GREFFIER LORS DES DÉBATS : Sylvie RANGEARD, Greffier
DÉBATS : l’affaire a été mise en délibéré au 11 Janvier 2024,
ARRÊT : rendu contradictoirement,
PRONONCÉ : publiquement par mise à disposition de l’arrêt au greffe de la cour, les parties en ayant été préalablement avisées dans les conditions prévues au deuxième alinéa de l’article 450 du code de procédure civile,
SIGNÉ : par Marie-Pascale BLANCHARD, Présidente de chambre, et par Maud DETANG, greffier auquel la minute de la décision a été remise par le magistrat signataire.
FAITS, PROCÉDURE, PRETENTIONS ET MOYENS DES PARTIES
Suivant convention du 12 novembre 2018, les époux [J] ont fait l’acquisition auprès de la Sarl des Côtes Noires (dénommée également l’élevage du bois Blancval) d’un chien de race berger belge Tervoeren né le 7 septembre 2018 répondant au nom d’O'ryckx, moyennant le prix de 850 euros.
A la suite de l’achat, les époux [J] ont découvert que cet animal était porteur d’un parasite, la giardia, provoquant une giardiose devenue chronique.
Par acte du 05 novembre 2020, M. [Y] [J] et Mme [P] [J] née [O] ont assigné la Sarl des Côtes Noires devant le tribunal de proximité de Saint-Dizier en réduction du prix de la vente à hauteur de 800 euros et en paiement de dommages et intérêts :
— d’un montant de 8 000 euros pour préjudice moral et financier,
— d’un montant de 1 000 euros pour résistance abusive,
— d’un montant de 2 000 euros au titre de l’article 700 du code de procédure civile.
L’action était fondée sur un défaut de conformité prévu à l’article L.217-4, L.271-5 du code de la consommation.

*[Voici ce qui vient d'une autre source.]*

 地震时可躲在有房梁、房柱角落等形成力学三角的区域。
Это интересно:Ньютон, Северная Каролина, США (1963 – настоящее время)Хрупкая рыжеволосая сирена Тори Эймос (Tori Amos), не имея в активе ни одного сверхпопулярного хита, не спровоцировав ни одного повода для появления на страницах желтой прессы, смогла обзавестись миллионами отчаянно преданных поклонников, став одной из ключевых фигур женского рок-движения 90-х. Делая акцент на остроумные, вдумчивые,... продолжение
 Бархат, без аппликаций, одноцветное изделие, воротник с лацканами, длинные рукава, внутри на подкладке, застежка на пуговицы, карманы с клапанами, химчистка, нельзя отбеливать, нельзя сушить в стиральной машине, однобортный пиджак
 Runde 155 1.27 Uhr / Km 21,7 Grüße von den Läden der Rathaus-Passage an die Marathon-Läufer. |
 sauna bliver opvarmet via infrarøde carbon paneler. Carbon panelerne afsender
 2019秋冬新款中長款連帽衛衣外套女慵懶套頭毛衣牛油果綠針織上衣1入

La Sarl des Côtes Noires s’y opposait en soulevant l’irrevevabilité de leur demande aux motifs que seules les dispositions du code rural étaient applicables, l’article L.213-1 du code rural édictant que l’action en garantie dans les ventes et les échanges d’animaux domestiques est régie par les dispositions du code rural.
Par jugement du 13 octobre 2021, le tribunal d’instance de Saint-Dizier a :
— déclaré recevable l’action formée M. [Y] [J] et Mme [P] [J] née [O] ; .

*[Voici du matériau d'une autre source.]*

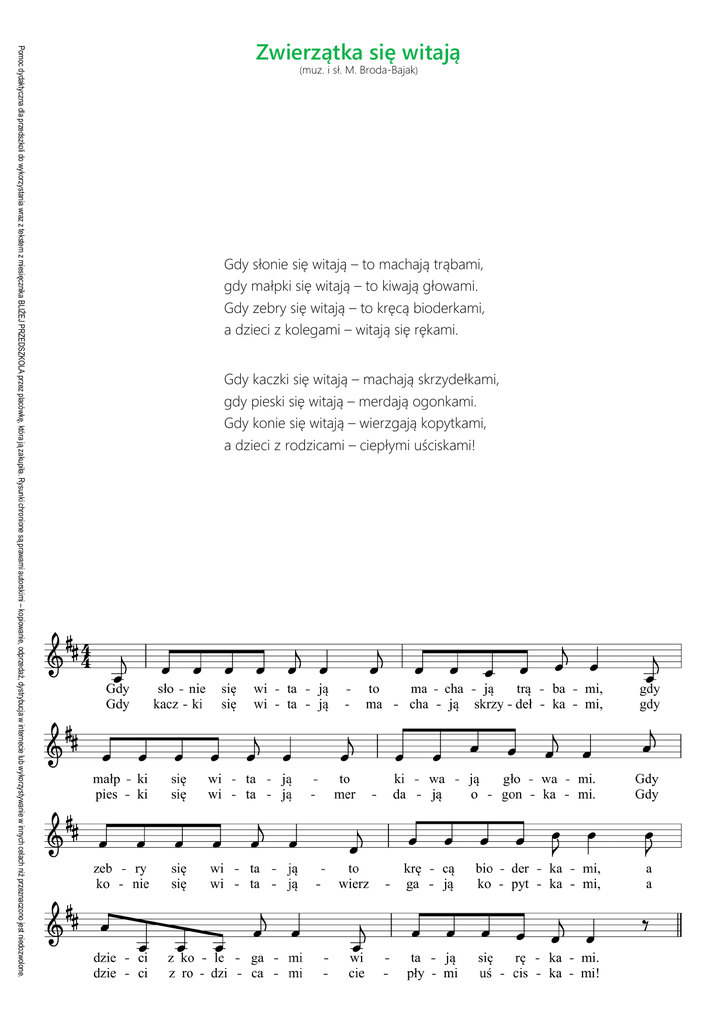 Pomoc dydaktyczna dla przedszkoli do wykorzystania wraz z tekstem z miesięcznika BLIŻEJ PRZEDSZKOLA przez placówkę, która ją zakupiła. Rysunki chronione są prawami autorskimi – kopiowanie, odprzedaż, dystrybucja w internecie lub wykorzystywanie w innych celach niż przeznaczono jest niedozwolone. Zwierzątka się witają (muz. i sł. M. Broda-Bajak) Gdy słonie się witają – to machają trąbami, gdy małpki się witają – to kiwają głowami. Gdy zebry się witają – to kręcą bioderkami, a dzieci z kolegami – witają się rękami. Gdy kaczki się witają – machają skrzydełkami, gdy pieski się witają – merdają ogonkami. Gdy konie się witają – wierzgają kopytkami, a dzieci z rodzicami – ciepłymi uściskami!

— condamné la Sarl DES Côtes Noires à restituer à M. [Y] [J] et Mme [P] [J] née [O] la somme de 600 euros au titre de la demande en réduction du prix ;
— condamné la Sarl DES Côtes Noires à payer à M. [Y] [J] et Mme [P] [J] née [O] la somme de1 497,01 euros portant intérêt au taux légal à compter de la présente décision ;
— débouté M. [Y] [J] et Mme [P] [J] née [O] de leur demande en réparation au titre de la résistance abusive ;
— condamné la Sarl DES Côtes Noires aux dépens.

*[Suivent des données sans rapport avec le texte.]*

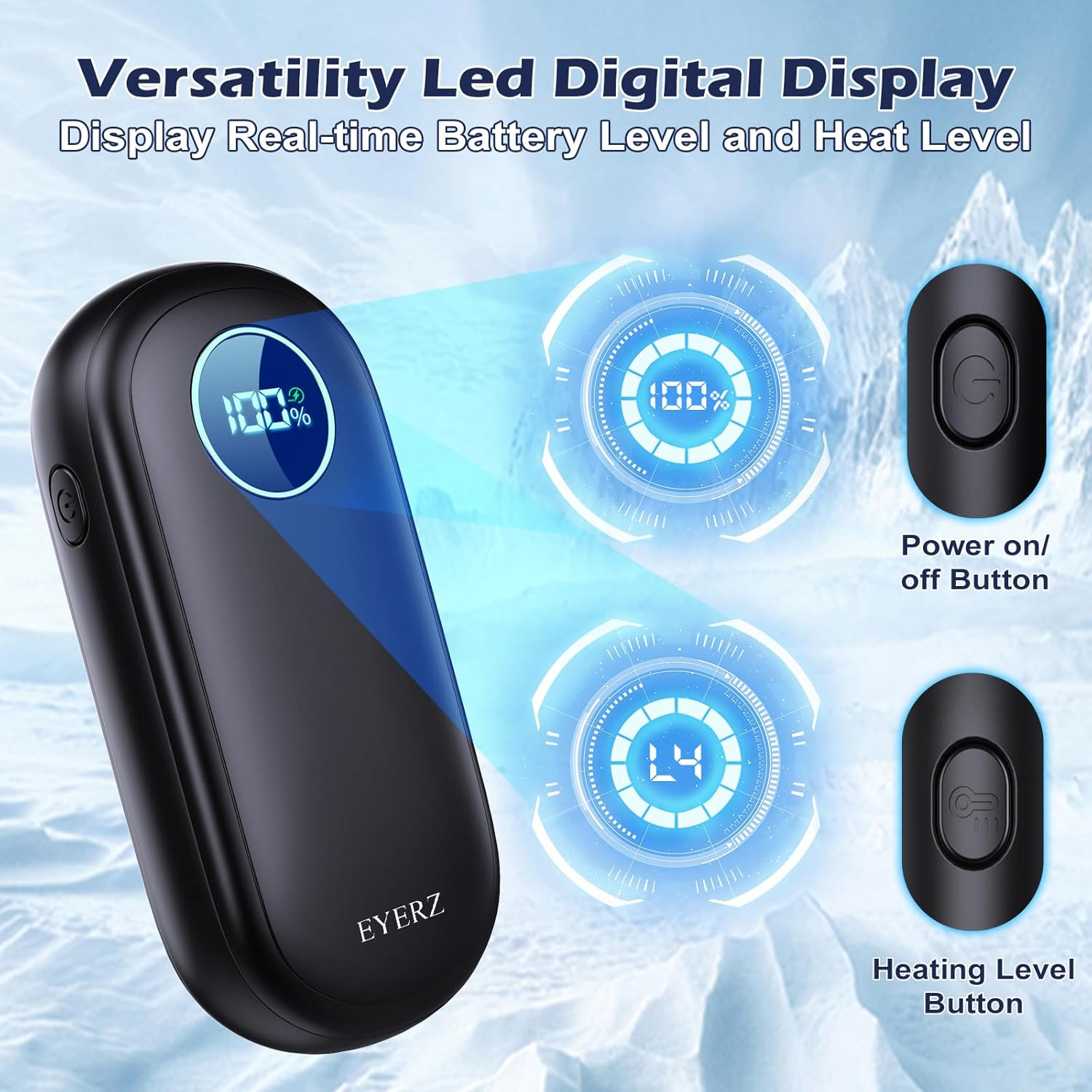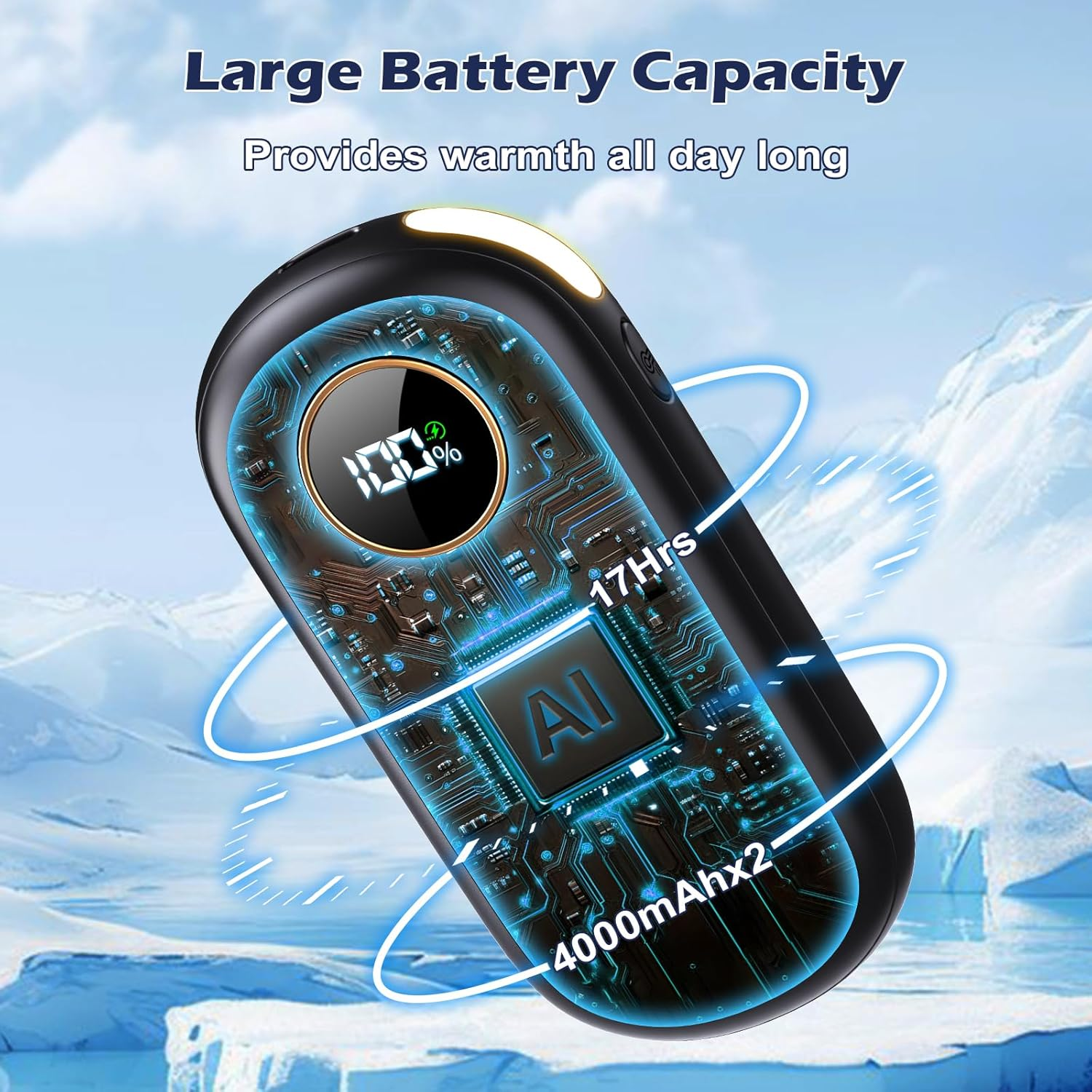 - 【Smart LED Display & Multi-Function LED Light】Stay fully informed with a bright LED screen that shows real-time temperature and battery life. Each electric hand warmers rechargeable also includes a built-in LED flashlight—ideal for lighting your path during an early jog, reading a trail map after dark, or finding your keys in a dim parking lot. It’s the perfect blend of function and comfort for those who need reliable visibility and warmth.

Par déclaration enregistrée au greffe le 3 décembre 2021, la Sarl des Côtes Noires a interjeté appel de ce jugement.
Par conclusions déposées le 26 septembre 2022, la Sarl des Côtes Noires demande à la cour :
Vu les articles 1240 et suivants du code civil sous leur nouvelle codification ;
Vu les articles 12, 42, 700 et suivants du code de procédure civile ;
Vu le Jugement RG n°11-20-000181 rendu par le tribunal de proximité de Saint-Dizier
du 13 octobre 2021 ;
— d’infirmer en toutes ses dispositions le jugement RG n°11-20-000181 rendu par le tribunal de proximité de Saint-Dizier du 13 octobre 2021, sauf en ce qu’il a débouté M. [Y] [J] et Mme [P] [J] de leur demande en réparation au titre de la résistance abusive ;
Et statuant à nouveau ;
— déclarer M.[Y] [J] et Mme [P] [J] irrecevables et mal fondés en toutes leurs demandes, et les en débouter ;
— débouter M. [Y] [J] et Mme [P] [J] de l’intégralité de leurs demandes, fins et prétentions ;
— condamner solidairement M. [Y] [J] et Mme [P] [J] à payer la somme de 1500 euros en application de l’article 700 du code de procédure civile en première instance et celle de 2 500 euros à hauteur d’appel ;
— condamner M.[Y] [J] et Mme [P] [J] aux entiers frais et dépens de première instance et d’appel.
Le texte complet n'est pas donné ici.